14 juil 2025

Qui est Dean Blunt, l’anti-star énigmatique qui fascine la scène musicale ?

Au‑delà de sa discographie protéiforme, c’est la cohérence d’un geste artistique imprévisible qui fait du musicien britannique DeanBlunt une figure marquante de sa génération. Anti-star privilégiant la mythomanie au discours médiatique polissé, il s’est érigé en énigme dont les mélomanes raffolent. Le groupe The Crying Nudes, dont il a longtemps assuré la production dans l’anonymat, prolonge cette logique  avec une proposition artistique qui interroge l’énigme, la fragilité, le non‑dit. Alors que la Bourse de Commerce accueillera The Crying Nudes le 7 juillet, retour sur l’influence de Dean Blunt.

  • par Alexis Thibault.

  • Dean Blunt, un artiste énigmatique qui a collaboré avec ASAP Rocky et Vegyn

    On retrouve son influence chez de nombreux artistes tels que Bar Italia ou Urika’s Bedroom. Et il a collaboré avec ASAP Rocky, Vegyn, Yung Lean et Panda Bear. Pourtant, personne ne sait qui est vraiment l’auteur-compositeur Roy Chukwuemeka Nnawuchi. Ce Londonien – qui serait âgé de 41 ans – s’est imposé comme une figure insaisissable de l’underground britannique dont les mélomanes et les chroniqueurs raffolent. Car il s’est méthodiquement forgé une légende en postant puis en supprimant sans raison ses projets sur YouTube. Ou comment réguler le flux des sorties pour générer l’attente. Roy Nnawuchi s’est imposé sous un pseudonyme. Dean Blunt. Et il fait de la musique comme on gère une boîte de com’.

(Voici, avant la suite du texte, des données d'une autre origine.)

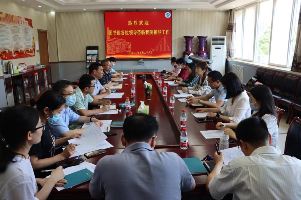 5月26日下午,图书馆党总支书记牛娴、副馆长于兆军一行到我院进行调研指导工作。学院党委书记史富强、院长韩小森、副院长王波、杨一平、解俊山、唐恒才以及部分教师和学生代表参加了座谈。
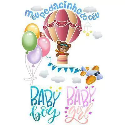 Stencil Litoarte ST-442 Infantil Ursinho no Balão é composto de material 100% em acetato, onde é bastante flexível facilitando sua aplicação em várias superfícies como tecido, papel, madeira, parede, cerâmica, metal ou etc.

    Pour être tout à fait précis, le personnage émerge dans les années 2000 avec un duo. Hype Williams, projet volontairement obscur mené aux côtés d’Inga Copeland — Alina Astrova de son vrai nom —, chanteuse spectrale russo-estonienne dont la chevelure sombre encadre un visage au teint diaphane. Leurs interviews, opaques et subversives, deviennent aussitôt des performances à la frontière du mensonge. Les biographies sont floues, les récits fictifs, cryptiques, voire mensongers. Il devient alors quasiment impossible de comprendre le rôle de chacun. L’un se fait passer pour l’autre, et parfois, d’autres individus répondent même à leur place…

    Un membre de duo Hype Williams

    Comment définir Hype Williams ? Peut-être comme une énigme lo-fi expérimentale à l’identité floue et à la posture délibérément sibylline. Chacune de leurs sorties devient un petit événement – non pas en termes de notoriété commerciale -, mais par le saut dans l’inconnu que le duo propose. Et dans les textes brumeux qui abondent la toile, on retient une définition de Dean Blunt lui-même : “category-rejecting artist”. Un artiste réfractaire aux étiquettes, aux catégories, au système.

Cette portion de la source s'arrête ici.